What materials are needed for Gel Electrophoresis besides the DNA and gel?

A buffer solution (to maintain pH and conduct electricity) and a loading dye (to help track the migration of the DNA).

Define Restriction Endonucleases.

Enzymes that cut DNA at specific palindromic sequences called recognition sites.

Distinguish between 'Sticky Ends' and 'Blunt Ends'.

Sticky ends have staggered cuts with overhanging single-stranded bases that join easily to complementary DNA; blunt ends are cut straight across both strands.

What is the role of DNA Ligase in genetic engineering?

It catalyzes the formation of phosphodiester bonds between the sugar-phosphate backbones of DNA fragments, effectively 'gluing' them together.

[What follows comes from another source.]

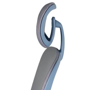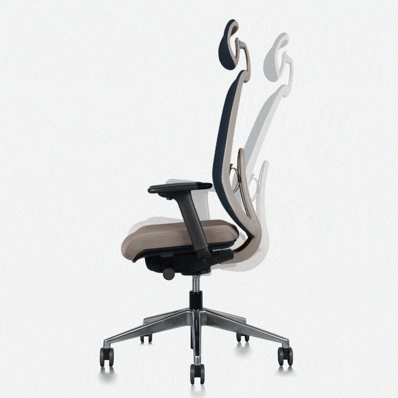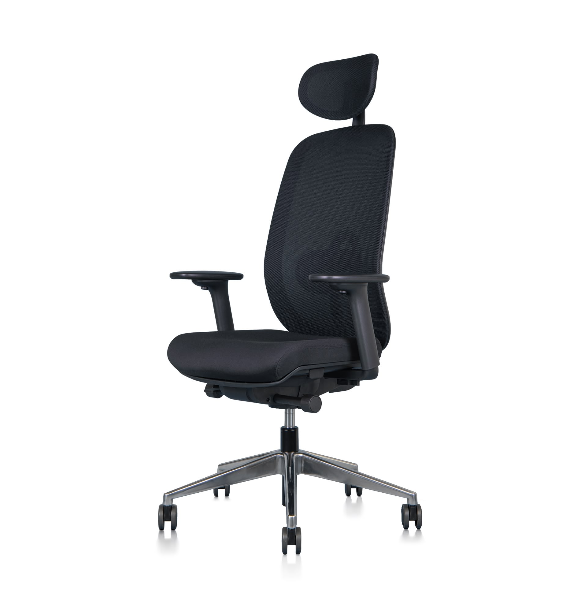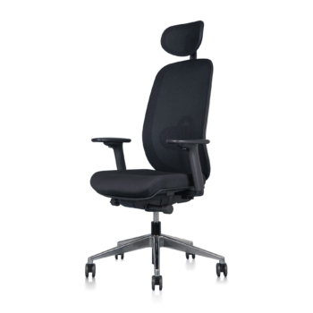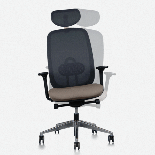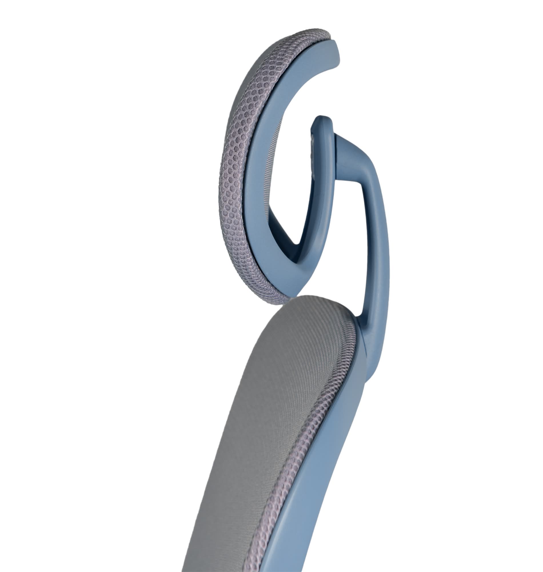 The backrest is crafted from breathable mesh with integrated lumbar support, providing optimal spinal support. The headrest is vertically rotatable and height-adjustable, offering additional neck support.

How is Reverse Transcriptase used to isolate genes?

It uses an mRNA template to synthesize a complementary DNA (cDNA) strand. This is useful because mRNA has already had non-coding introns removed.

Define 'Vector' in the context of genetic engineering.

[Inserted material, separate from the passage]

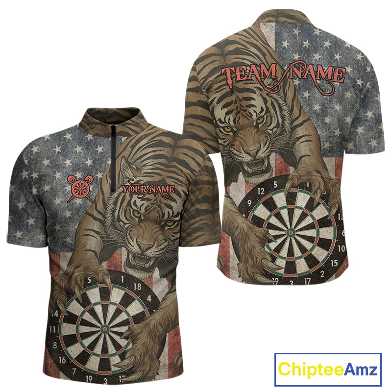 Personalized Vintage American Flag Tiger Darts Shirt For Men, Patriotic Dart Team Jerseys TDM5189

A DNA molecule (like a plasmid or bacteriophage) used to transport a foreign gene into a host cell.

What is 'Transformation'?

A technique where bacterial cells take up foreign DNA from their surroundings, often induced by heat shock and calcium chloride treatment.

Explain 'Electroporation'.

The use of high-voltage electrical pulses to create temporary pores in the cell membrane, allowing large molecules like recombinant plasmids to enter.

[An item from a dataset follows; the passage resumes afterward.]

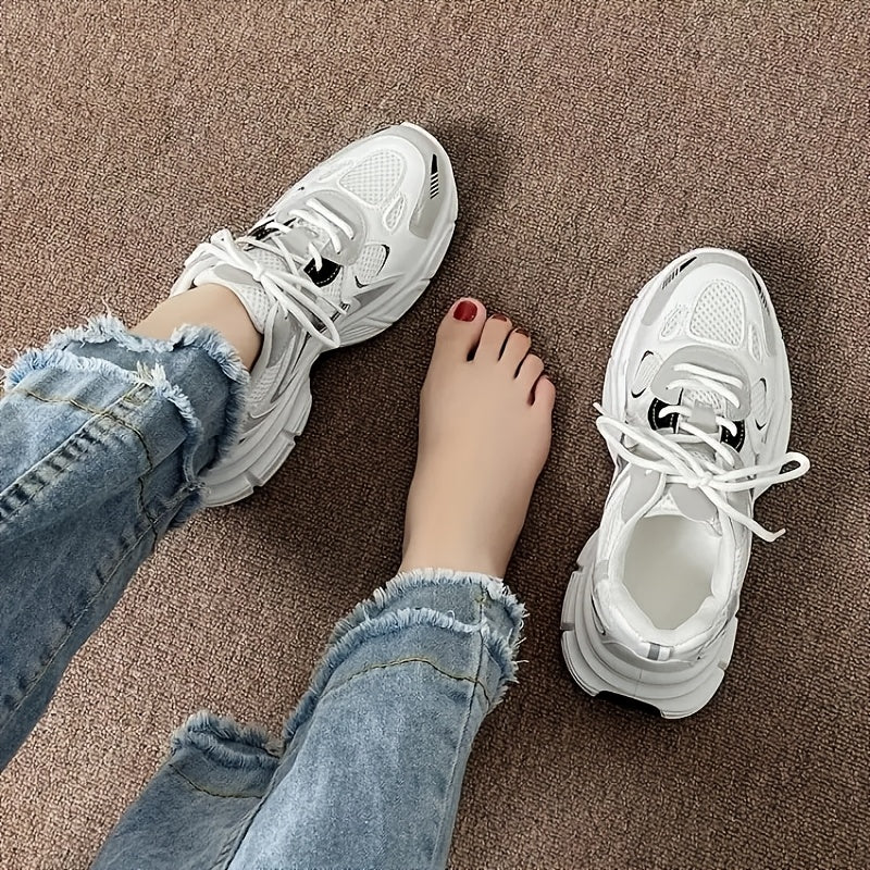 Zapatillas de malla transpirable para mujer, blancas, de caña baja, para caminar

How are marker genes used to identify successfully transformed bacteria?

Markers like antibiotic resistance genes allow only the bacteria that have successfully taken up the plasmid to grow on media containing the antibiotic.

What is 'Insertional Inactivation'?

When the target gene is inserted directly into a marker gene (e.g., fluorescence), 'breaking' that gene's function. This helps identify recombinant colonies by their lack of that trait.

Define Synthetic Biology.

An interdisciplinary field that redesigns existing natural biological systems or creates entirely new biological parts, pathways, and organisms.

What is DNA Barcoding and how is it used?

An identification method using short, standardized sections of DNA from specific genes (like cytochrome c oxidase I) to differentiate between species.

Explain 'Somatic Cell Gene Therapy'.

The insertion of a functional gene into differentiated body cells of a patient. The effect is temporary (cells die) and is NOT passed on to offspring.

Explain 'Germ Line Cell Gene Therapy'.

The insertion of a functional gene into gametes or early zygotes. This results in the gene being present in every cell of the offspring and being passed to future generations.

What are three ethical concerns regarding Genetically Modified (GM) crops?

1. Environmental: Creation of superweeds through cross-pollination.
2. Ecological: Negative impact on non-target species and biodiversity.
3. Economic: Patents making seeds expensive for farmers in developing nations.

What ethical concern exists regarding the use of modified organisms in warfare?

The potential to use synthetic biology to design highly virulent or antibiotic-resistant pathogens for biological warfare.

How does sequencing pathogens assist in medical management?

It allows scientists to track outbreaks, identify the source of infections, and monitor mutations that might cause drug resistance.

Define the significance of palindromic recognition sites.

These are sequences that read the same in the 5' to 3' direction on both strands, allowing restriction enzymes to cut both strands at specific points.

Why is the use of a DNA probe necessary in DNA profiling?

Probes are labeled (fluorescently or radioactively) and complementary to the VNTRs, allowing researchers to see specific bands on the profile.